# YOUR GOAL
All lines from the one containing "7、在首页我们还可以查看最新" to the end of the listing below should be output exactly; omit the pictures.

# EXERCISE DATA

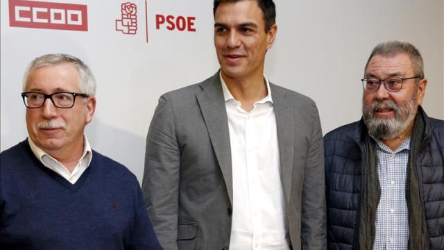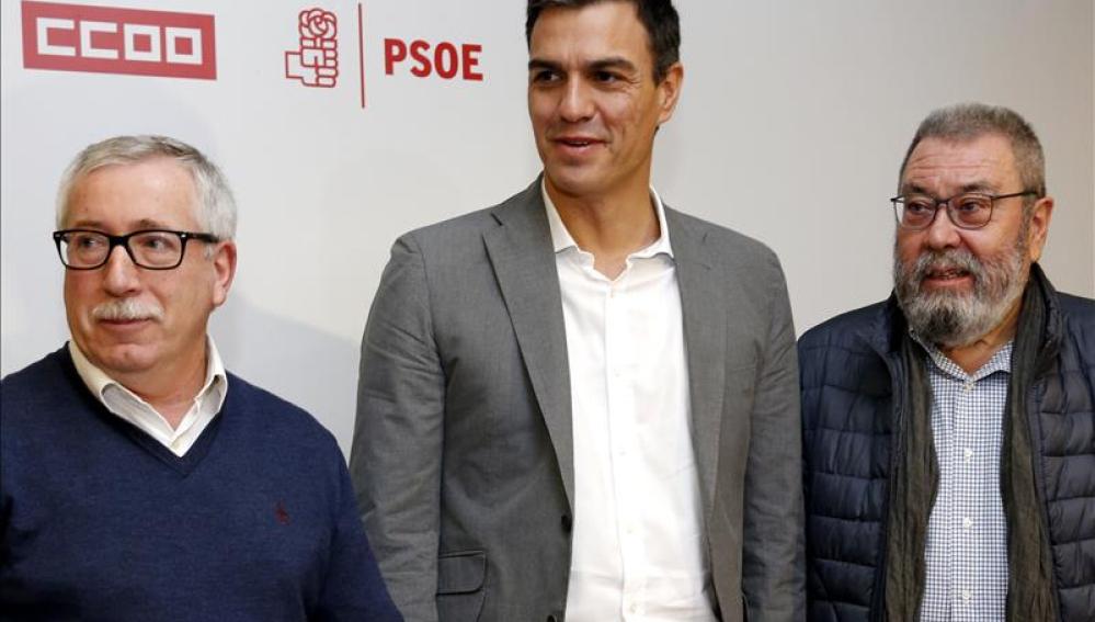 El secretario general del PSOE, Pedro Sánchez, se ha reunido con los secretarios generales de UGT, Cándido Méndez, y de CCOO, Ignacio Fernández Toxo. Tras el encuentro, el socialista ha reafirmado su postura de que, si llega al Gobierno, derogará la reforma laboral aprobada por el Gobierno del PP. En lo relativo a la indemnización del despido, no se suprimirá de inmediato y quedará a expensas del diálogo entre sindicatos y empresarios.
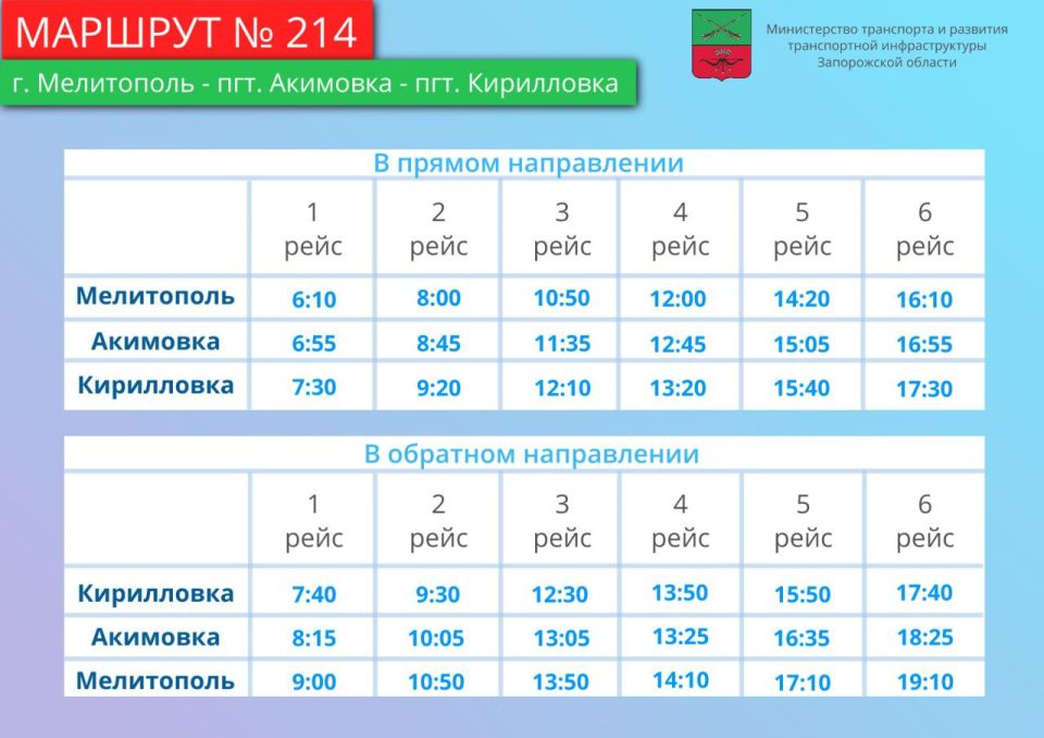 Министерство транспорта и развития транспортной инфраструктуры Запорожской области информирует об изменениях в расписании движения автобусов на маршруте № 214 «г. Мелитополь - пгт. Акимовка - пгт. Кирилловка», которые вступили в силу с 29.07.2025.
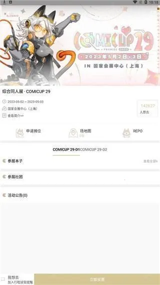 7、在首页我们还可以查看最新的漫展,以及漫展相关信息,还可以直接在页面处购票哦~
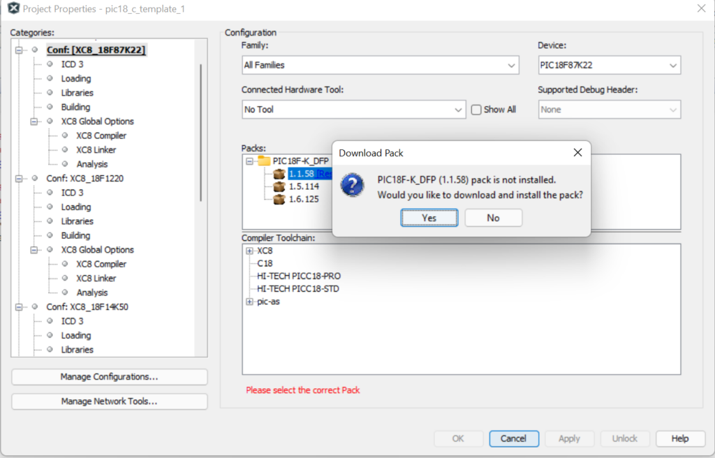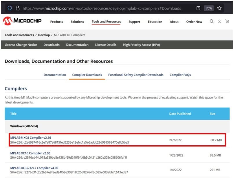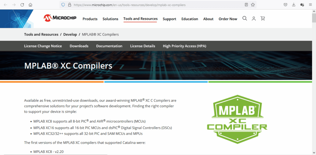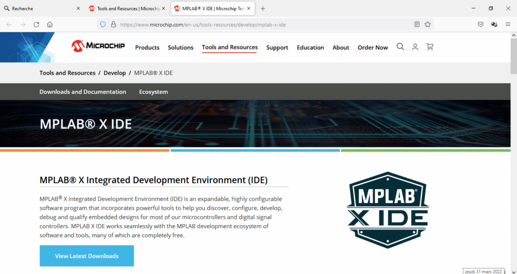 Pour pouvoir utiliser MPLAB X IDE, on a besoin d’installer un compilateur, qui est MPLAB Compiler. Vous pouvez le trouver sur ce lien.

# TASK RESPONSE
 7、在首页我们还可以查看最新的漫展,以及漫展相关信息,还可以直接在页面处购票哦~
 Pour pouvoir utiliser MPLAB X IDE, on a besoin d’installer un compilateur, qui est MPLAB Compiler. Vous pouvez le trouver sur ce lien.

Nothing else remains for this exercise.